Analysis of deep complex‐valued convolutional neural networks for MRI reconstruction and phase‐focused applicationsElizabeth K. Cole, Joseph Y. Cheng, John M. Pauly et al.|Magnetic Resonance in Medicine|2021 PURPOSE: Deep learning has had success with MRI reconstruction, but previously published works use real-valued networks. The few works which have tried complex-valued networks have not fully assessed their impact on phase. Therefore, the purpose of this work is to fully investigate end-to-end complex-valued convolutional neural networks (CNNs) for accelerated MRI reconstruction and in several phase-based applications in comparison to 2-channel real-valued networks. METHODS: Several complex-valued activation functions for MRI reconstruction were implemented, and their performance was compared.
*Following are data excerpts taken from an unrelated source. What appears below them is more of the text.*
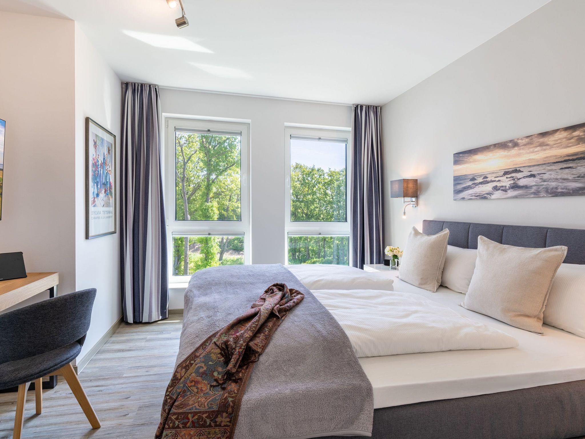 Im zweiten Schlafzimmer finden Sie ebenfalls ein komfortables Boxspringbett (180 x 200 cm), einen Kleiderschrank, einen Schreibtisch und einen Smart-TV vor.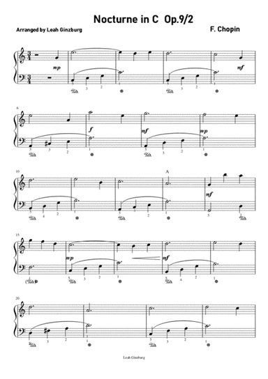 Easy Piano - Level 1 - Digital Download SKU: A0.850086 Composed by Frederic Chopin. Arranged by Leah Ginzburg. Classical,Concert,Romantic Period,Standards,World. Score. 2 pages. Leah Ginzburg #6115415. Published by Leah Ginzburg (A0.850086). Nocturne by F. Chopin, Easy piano, Arranged by Leah Ginzburg, Classical Music, Originally in E-flat Major, arranged in C major. This product was created by a member of ArrangeMe, Hal Leonard’s global self-publishing community of independent composers, arrangers, and songwriters. ArrangeMe allows for the publication of unique arrangements of both popular titles and original compositions from a wide variety of voices and backgrounds. About Digital Downloads Digital Downloads are downloadable sheet music files that can be viewed directly on your computer, tablet or mobile device. Once you download your digital sheet music, you can view and print it at home, school, or anywhere you want to make music, and you don’t have to be connected to the internet. Just purchase, download and play! PLEASE NOTE: Your Digital Download will have a watermark at the bottom of each page that will include your name, purchase date and number of copies purchased. You are only authorized to print the number of copies that you have purchased. You may not digitally distribute or print more copies than purchased for use (i.e., you may not print or digitally distribute individual copies to friends or students).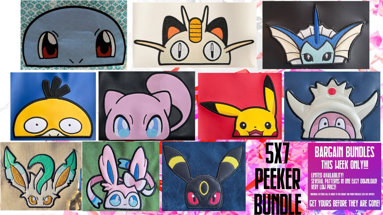This listing includes ITH Peeker embroidery designs for your hoop and your fandom.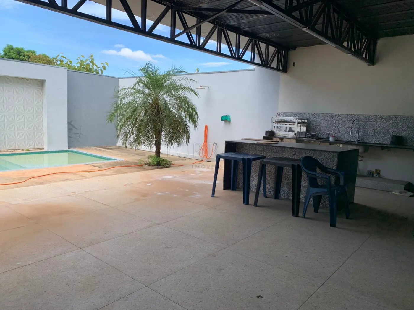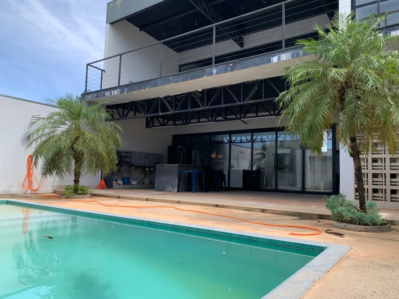 Ambiente open space cozinha, sala, área gourmet e piscina.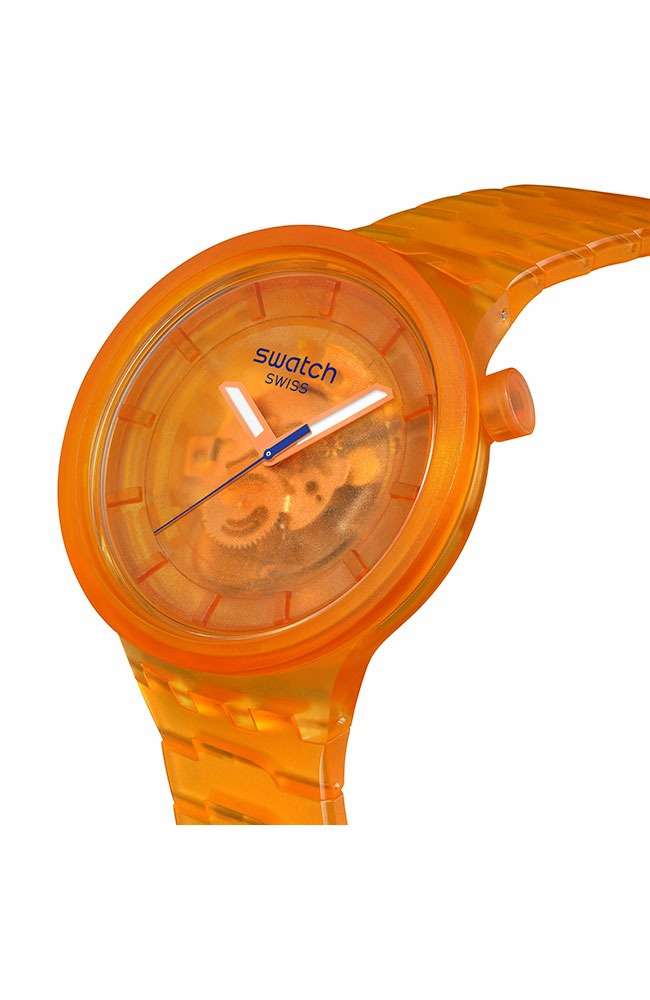 Часы Swatch SB05O103 — это стильный и современный аксессуар для тех, кто ценит лёгкость и комфорт. Часы идеально подойдут как для мужчин, так и для женщин. Эти большие часы оранжевого цвета могут похвастаться прозрачным корпусом и циферблатом оранжевого оттенка, изготовленными из биосодержащих материалов, и браслетом с застежкой-бабочкойЗастёжка "бабочка"Такой вид застёжки дополняется предохранителями, помогающими избежать случайного раскрытия браслета. Обладают изящным исполнением. . Прозрачный оранжевый циферблат с биологическим покрытием позволяет видеть механизм, а на часовую и минутную стрелки нанесено люминесцентное покрытиеЛюминесцентное покрытиеПозволяет считывать показания времени в темноте. Производители наносят на стрелки, часовые индексы, безель или поверхность циферблата светонакопительный состав, дающий холодное свечение., которое светится в темноте, создавая необычное изображение. Водозащита 30 метров делает часы практичными для повседневного использования. Эти часы подойдут для повседневного ношения и станут ярким акцентом в вашем наряде.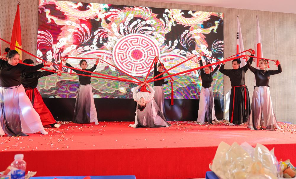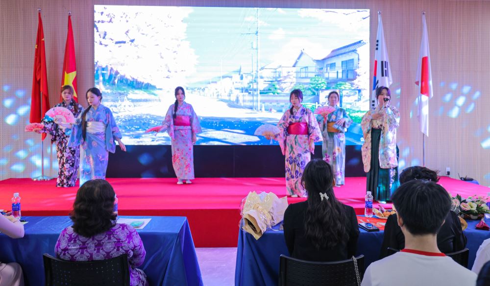 Sự kiện không đơn thuần là một ngày hội trải nghiệm, mà còn là một hoạt động giáo dục giá trị, nơi sinh viên có cơ hội được “sống trong văn hóa”, chạm đến tinh thần của Nhật Bản, Hàn Quốc và Trung Quốc thông qua những hoạt động như mặc trang phục truyền thống, viết thư pháp, thưởng thức ẩm thực đặc trưng và tham gia trò chơi dân gian. Không gian ấy không chỉ thu hút sinh viên trong trường mà còn mở rộng đến học sinh các trường THPT, cựu sinh viên và cả du học sinh quốc tế, tạo nên một sân chơi lành mạnh, gắn kết và mang tính giáo dục sâu sắc.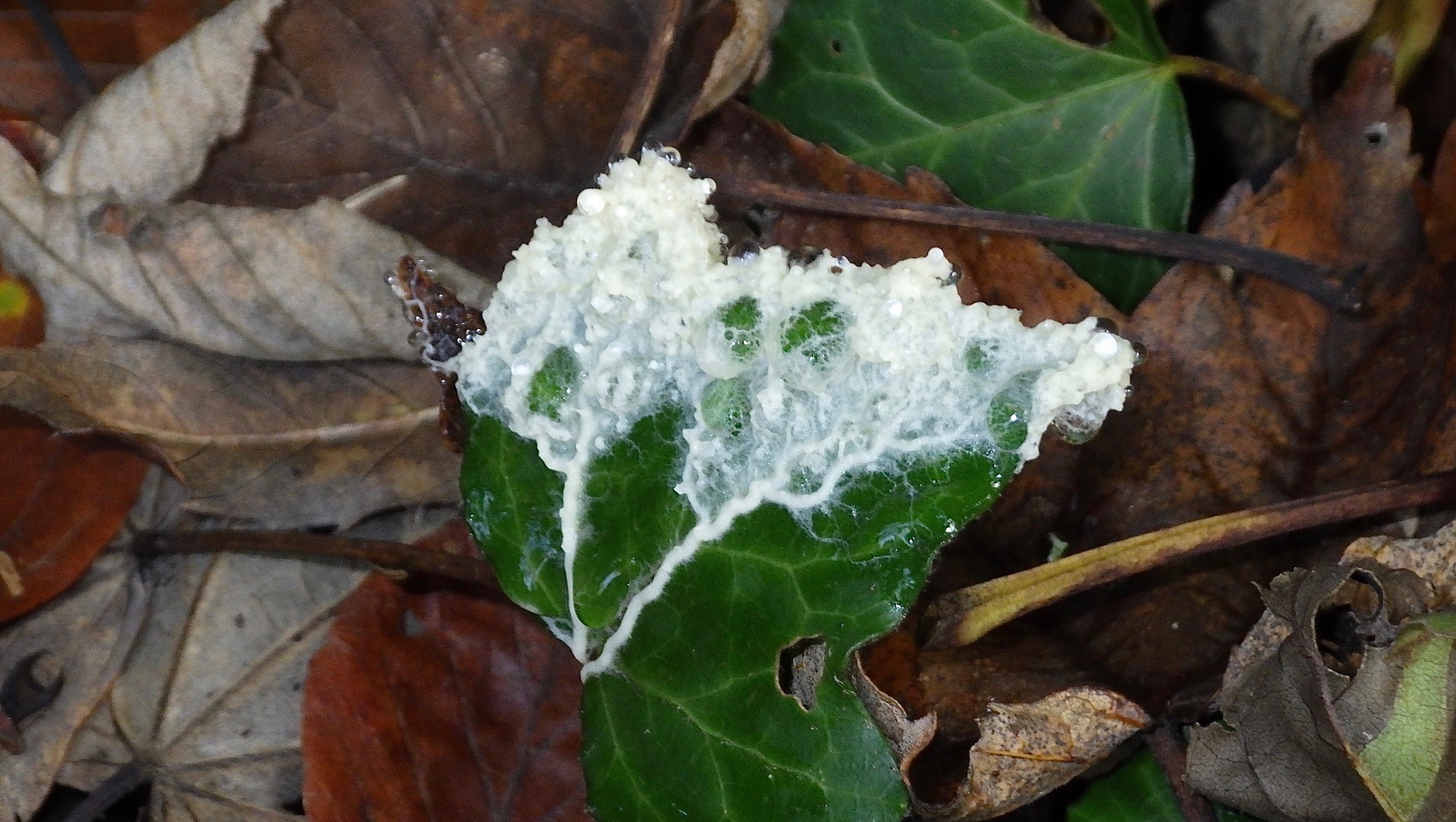 1.Weisse oder gelbe Lohblüte, in der Nahaufnahme wurde sie eher gelblich, die Schleimpilze waren weich, kaum zu fassen. An einem Blatt sah der Schleimpilz etwas anders aus.
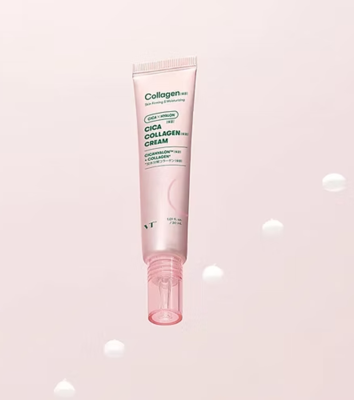 La VT Cica Collagen Cream de VT Cosmetics es una crema facial coreana de última generación que combina colágeno marino de bajo peso molecular (300 Da) y un complejo concentrado de Centella Asiática para restaurar la elasticidad, calmar irritaciones y aportar una hidratación profunda, incluso en pieles sensibles o maduras.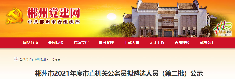 根據(jù)《郴州市2021年度市直機關公開遴選公務員公告》要求,體檢考察合格人員確定為擬遴選人員。現(xiàn)將體檢考察結果和擬遴選人員(第二批)信息進行公示(公示情況表見附件),公示期為7天。公示期內(nèi),如有異議,請以書面形式實名反映并提供相關線索或證據(jù)。
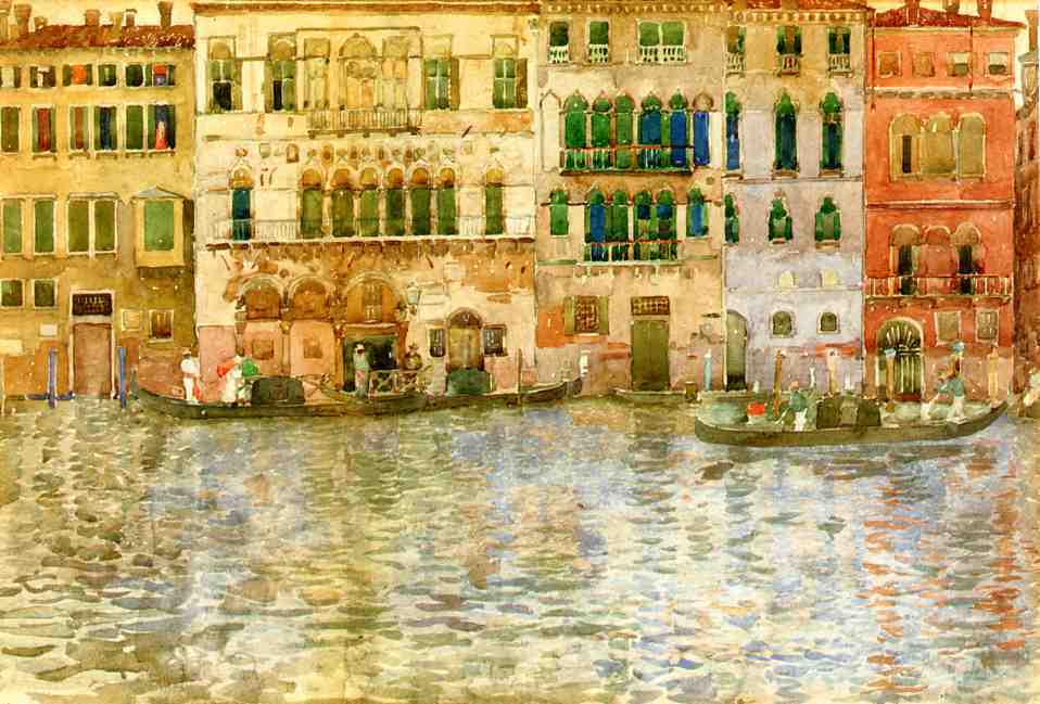 Nous vous proposons une reproduction artisanale sur toile du célèbre tableau 'Palais vénitiens sur le Grand Canal' de Maurice Prendergast, provenant du Musée de la Reproduction.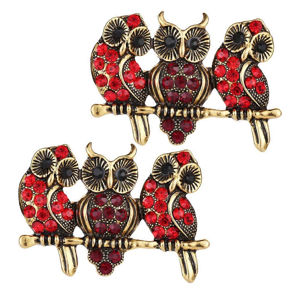 Owl Brooch Elegant Decoration Accessory for Outfit Assorted Color Rhinestone Crystal 2Pcs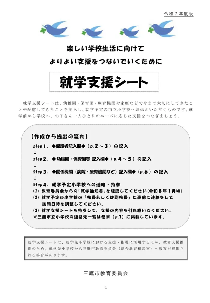 小学校への引き継ぎ、先生たちに伝えておきたいお子さまの様子を記す、"就学支援シート"。

Complex-valued convolution was implemented and tested on an unrolled network architecture and a U-Net-based architecture over a wide range of network widths and depths with knee, body, and phase-contrast datasets. RESULTS: Quantitative and qualitative results demonstrated that complex-valued CNNs with complex-valued convolutions provided superior reconstructions compared to real-valued convolutions with the same number of trainable parameters for both an unrolled network architecture and a U-Net-based architecture, and for 3 different datasets. Complex-valued CNNs consistently had superior normalized RMS error, structural similarity index, and peak SNR compared to real-valued CNNs. CONCLUSION: Complex-valued CNNs can enable superior accelerated MRI reconstruction and phase-based applications such as fat-water separation, and flow quantification compared to real-valued convolutional neural networks.